The Unreasonable Power of Vectors

Evan Radkoff · October 26, 2024

Let’s say you have a dataset of Things. Things could be people, cities, countries, dinosaurs, episodes of The Simpsons, whatever really. You’d like to better understand the dataset as quickly as you can, use it to improve your understanding of Things, and maybe even build software features on top of it. Basically, you want the dataset “at your fingertips”.

In this situation, a really useful intermediate goal is figuring out the best way to turn your dataset into vectors, essentially just lists of numbers, each denoting a dimension with meaning. Vectors represent a vital stepping stone in the standard data science process – done right, they immediately unlock several paradigms for understanding, and building on top of, your data.

There’s a science to designing the right vector space for your use case. Sometimes working directly with tabular features is fine, usually with some scaling/preprocessing. Other times you might want to employ a training paradigm like word2vec, neural networks, or manifold learning. Admittedly this post should really be called “The unreasonable power that comes with representing your dataset as well-formed vectors of mostly-independent normalized features”, that just didn’t sound as snazzy.

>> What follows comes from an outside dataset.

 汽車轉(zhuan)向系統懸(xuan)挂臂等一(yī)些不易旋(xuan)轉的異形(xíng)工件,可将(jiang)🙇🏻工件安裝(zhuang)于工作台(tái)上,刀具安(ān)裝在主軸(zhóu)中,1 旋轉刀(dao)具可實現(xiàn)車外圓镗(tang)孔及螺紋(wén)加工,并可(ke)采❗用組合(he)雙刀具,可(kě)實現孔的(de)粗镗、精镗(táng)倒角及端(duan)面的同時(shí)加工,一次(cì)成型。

But this is not a blog post about how to design vector spaces. Rather, I’ll cover the things you can do once you’ve embedded your dataset as a bag of vectors. Whether these are as simple as 3-dimensional vectors describing demographics, or something complex like 4096-dimensional embeddings from the latest LLM, all of the methods below should be applicable.

Scatterplots

One of the most basic things you can do is visualize your dataset in 2D space. This is especially useful in the exploratory phase of a project to get your bearings, understand the dataset’s overall structure, and identify outliers.

Some datasets might have two features that work great as X and Y dimensions, however not all do. The key step that makes this a universally applicable approach is to automatically reduce your vectors’ dimensionality, all the way down to two, in a way that preserves their global structure. That is to say, the distances between vectors in the original high dimensional space should correlate with the distances in 2D. There are a ton of methods for doing this, each with their pros and cons. I recommend tSNE or UMAP as your go-tos.

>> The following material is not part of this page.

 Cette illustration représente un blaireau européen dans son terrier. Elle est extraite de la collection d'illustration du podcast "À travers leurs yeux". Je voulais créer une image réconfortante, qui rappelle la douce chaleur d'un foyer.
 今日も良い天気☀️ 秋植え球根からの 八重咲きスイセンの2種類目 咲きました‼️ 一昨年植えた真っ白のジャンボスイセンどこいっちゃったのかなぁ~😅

Obviously a bunch of dots alone without context are not useful, but you can decorate them with a visualization framework. Point size (for numeric features), shape (for categorical features), and color (for either) offer three ways of highlighting features that help you navigate. You can also add hover tooltips, letting you see as many interpretable features as you’d like.

Throughout this post I’ll be demonstrating with a toy dataset of popular music. The interactive scatterplot below is derived from “genre embeddings”, 128-dimensional vectors that come from the last hidden layer of a genre classification neural network. On desktop, hover over a dot for track metadata (I couldn’t get clicking on mobile to work). Code available here.

Each dot represents a track from a random selection of popular music artists.

Generally we see the tracks of artists end up near each other, which is a good sign. (As a side note, it’s also satisfying to see the dots representing Girl Talk right in between the cluster of hip-hop and other genres, because he makes mash-up music featuring hip-hop vocals over a backdrop of other genres)

For a much more impressive scatterplot, check out the entirety of English Wikipedia on Atlas. Enjoy the rabbit holes.

For those working in the Python ecosystem like myself, I can recommend streamlit as a frontend platform with which to plot. Jupyter notebooks will work fine too, and there’s something to be said for code living right next to the plots it generates, but I find streamlit easier to work with for many use cases, including this blog post. Several plotting libraries are supported: Matplotlib, Altair, Plotly, Bokeh, and more.

Clustering

Once your dataset is in a vector space, you can always compute the distance between any two points. This could be Euclidean distance, cosine distance, or something else, but either way this simple ability unlocks a few go-to data science paradigms for free.

One is clustering – using an algorithm to find logical groupings. This can help you understand segments of your data, and can even work as a classifier for new data points. The scikit-learn library documentation offers a nice overview of common approaches. You’ll notice most of the APIs take a distance measure of your choosing as an input.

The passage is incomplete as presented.